• _Aim of the exercise_
The required output is the exact run of lines in the listing below from the line holding "Bonte vliegenvanger in nestkasten project" through the line holding "TLX Advanced Grade", with no pictures.

# # #

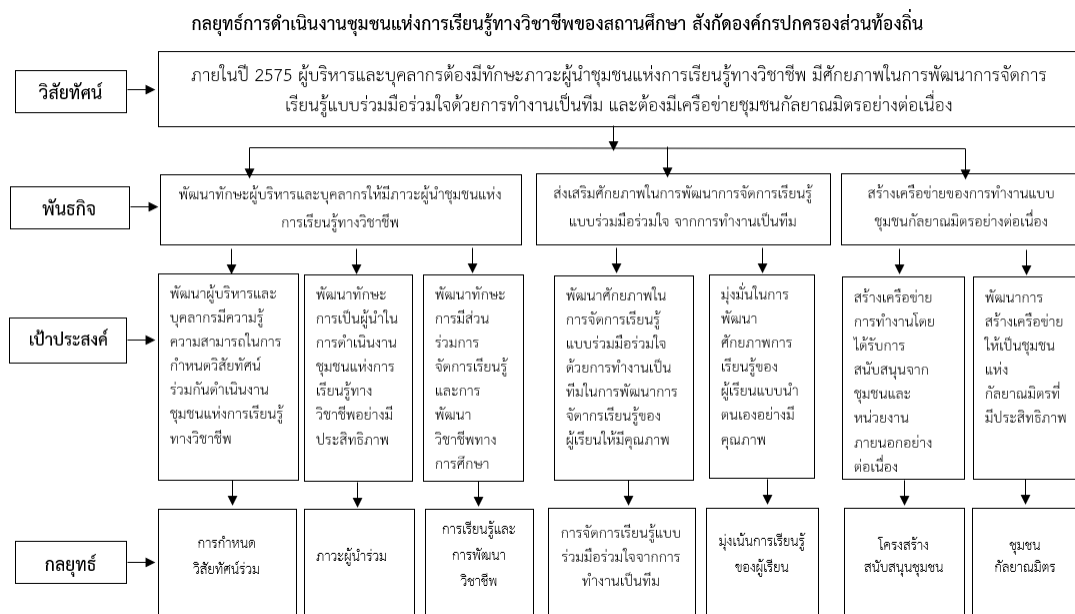
ภาพที่ 2 กลยุทธ์การดำเนินงานชุมชนแห่งการเรียนรู้ทางวิชาชีพของสถานศึกษาสังกัดองค์กรปกครองส่วนท้องถิ่น
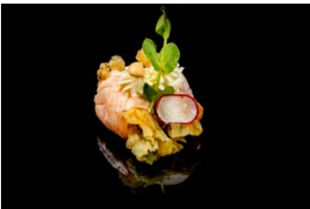
123. Salmone flower € 6 FIORE DI ZUCCA IN TEMPURA, SALMONE SCOTTATO, PHILADELPHIA, SALSA SPICY MAYO (1-3-4)
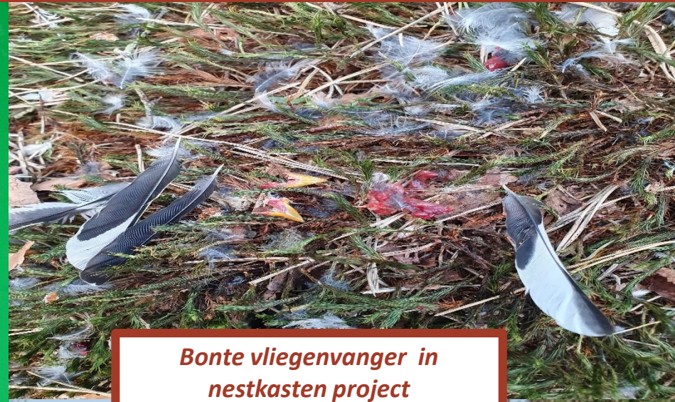
Bonte vliegenvanger in nestkasten project
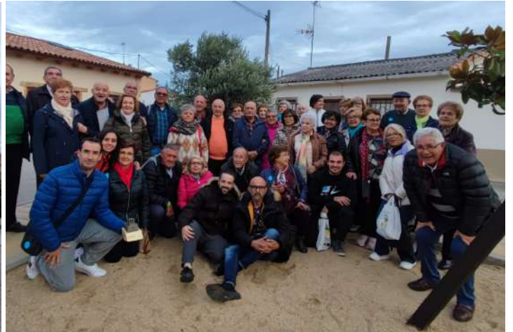
Encuentro Comunidad Viva San Miguel del Pino 21 de octubre de 2023
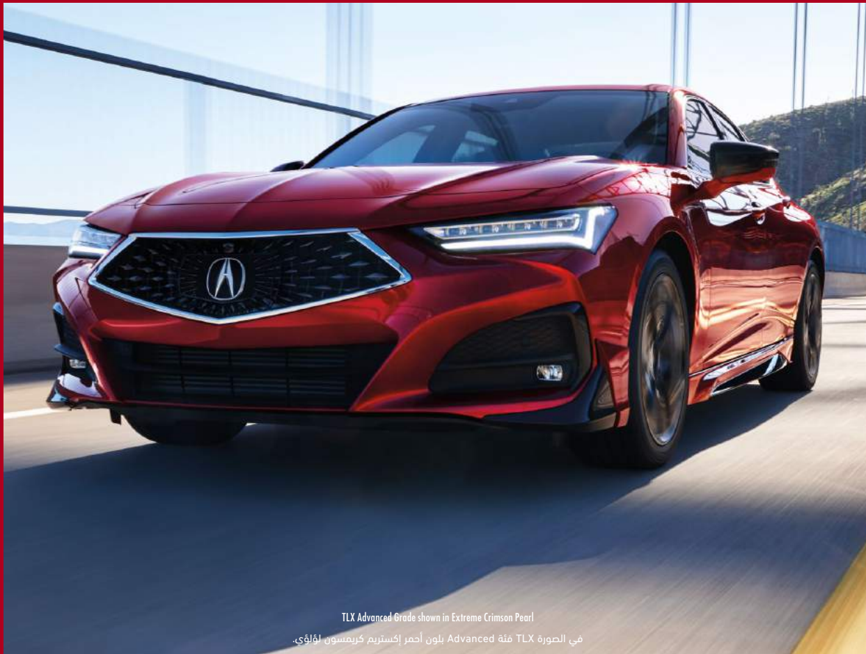
TLX Advanced Grade shown in Extreme Crimson Pearl في الصورة TLX فئة Advanced بلون أحمر إكستريم كريمنسون لؤلؤي.

The level of detail that goes into every Acura vehicle is rivaled only by the level of detail we put into Acura Genuine Accessories. From wheel locks, door trims, and cargo hooks to remote start and heated steering wheels, they're all designed by Acura and manufactured specifically for Acura.

# # #

• _Expected answer_
Bonte vliegenvanger in nestkasten project
Encuentro Comunidad Viva San Miguel del Pino 21 de octubre de 2023
TLX Advanced Grade shown in Extreme Crimson Pearl في الصورة TLX فئة Advanced بلون أحمر إكستريم كريمنسون لؤلؤي.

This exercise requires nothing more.